Los Angeles, June 27, 2020

Reprinted from World Cinema Review (June 2020).

 

Jenni Olson | 575 Castro St. / 2009, released 2009

in remembrance

by Douglas Messerli

 

Jenni Olson (screenwriter and director) 575 Castro St. / 2008,  released 2009 [8 minutes]

 

Olson’s 2009 short film, 575 Castro St.is so ingenious that as Letterboxd commentator Sally Jane Black has argued, it “is a perfect work of art.”

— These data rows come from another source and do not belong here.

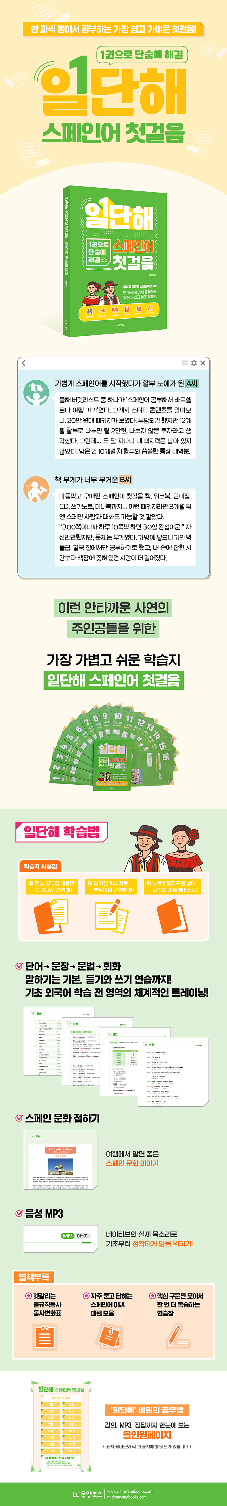 마치 신체의 일부 같은 ‘귀찮음’ 덕에 몇 달 뒤에도 꾸준히 공부하고 있을지 장담 못 하는 우리. 그래서 <일단해 스페인어 첫걸음>은 일단 가볍게 한 걸음 내디딜 수 있게 만들어졌다. ‘스페인어’라는 산을 오르는 첫걸음에 필요 이상으로 짐을 바리바리 챙기면 금방 지친다. 딱 한 권! 알짜배기로 공부한 후에 그다음을 결정한다면 시간과 돈을 이보다 더 효율적으로 쓸 수도 없을 것이다.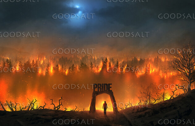 A woman walks through a doorway into a burning forest. by Kevin Carden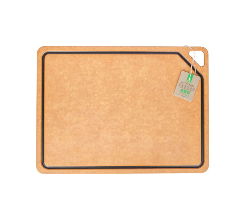 This large sustainable chopping board is made from craft paper and resin, creating a tough, antibacterial, food-safe surface that is gentle on knives and suitable for chopping meat, fish, poultry, fruit, and vegetables. Heat resistant and dishwasher safe, it also doubles as a trivet for hot pots and pans, measuring 44 x 32.5 cm in a slim brown design ideal for everyday prep and serving. Its flat, modern look suits contemporary kitchens and can be left on the countertop for easy access.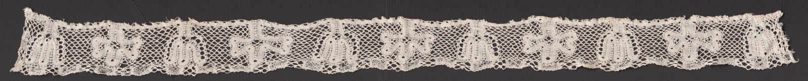 Pásiková paličkovaná čipka, typ gemerský. Materiál biele ľanové niteo, väzby hladké plátenko, jednopárový a dvojpárový pletenec, oká. V riečičke sa striedajú dva rastlinné motívy.
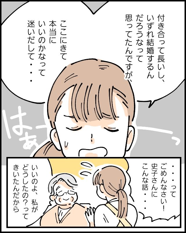 「はぁーっ、付き合って長いし、いずれ結婚するんだろうなって思ってたんですが、ここにきて『本当にいいのかな』って迷いだして・・」

     Production designer Bill Groom, art director Charley Beal, and set decorator Barbara Munch had just finished recreating, in preparation for Gus Van Sant’s film Milk, the small camera shop at 575 Castro Street in which the San Francisco Supervisor Harvey Milk had processed and developed so many of the Super 8 gay and experimental short films of the 1970s. Gaining permission to shoot on the set, Olson also received permission to play Harvey Milk’s own cassette tape, titled “In-Case,” in which the newly elected supervisor had taped his wishes just in case he was to be assassinated by one of his many known and troubled homophobes.

       The combination of the cool aqua-colored outer counter and the warmer and inviting inner room where one can imagine so many early meetings of gay activists taking place, set against his own words is almost both inspiring and almost unbearable to watch and listen to. And in some respects, for those who already knew the man’s history, it perhaps is a more loving and reverent tribute to the man than Van Sant’s formidable movie.

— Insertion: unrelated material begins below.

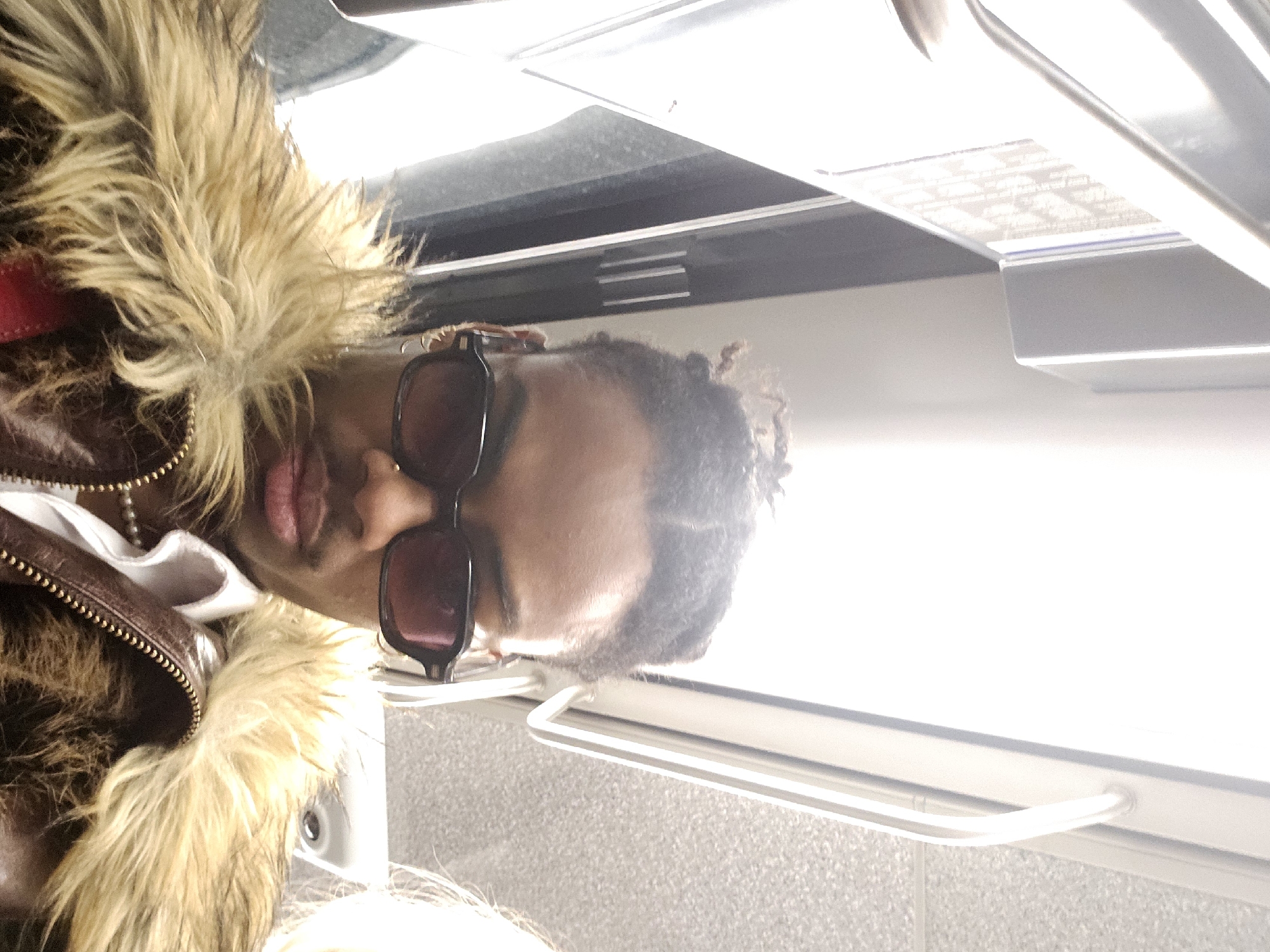 A person is sitting on a train, facing the camera, and wearing a brown fur-lined jacket and sunglasses

      The tape was made to be read by the mayor, George Moscone, in case of Milk’s assassination; but, ironically, Moscone himself was also killed in Dan White’s murderous spree.

       Olson edited some of the original tape, cutting the several names it mentions, but maintaining the tapes central contents, which, with others, I have winnowed down:

 

“This is Harvey Milk speaking on Friday November 18, 1978. This tape is to be played only in the event of my death by assassination. …I fully realize that a person who stands for what I stand for—an activist, a gay activist—becomes the target or potential target for a person who is insecure, terrified, afraid or very disturbed…Knowing that I could be assassinated at any moment, at any time, I feel it’s important that some people know my thoughts, and why I did what I did. Almost everything that was done was done with an eye on the gay movement. [At this point he begs the Mayor to appoint someone who might have an understanding of what the movement stood for instead of those who opposed it, some of whom he named, Dan White’s name not being among them.] …I cannot prevent some people from feeling angry and frustrated and mad in response to my death, but I hope they will take the frustration and madness and instead of demonstrating or anything of that type, I would hope that they would take the power and I would hope that five, ten, one hundred, a thousand would rise. I would like to see every gay lawyer, every gay architect come out, stand up and let the world know. That would do more to end prejudice overnight than anybody could imagine. I urge them to do that, urge them to come out. Only that way will we start to achieve our rights. … All I ask is for the movement to continue, and if a bullet should enter my brain, let that bullet destroy every closet door…”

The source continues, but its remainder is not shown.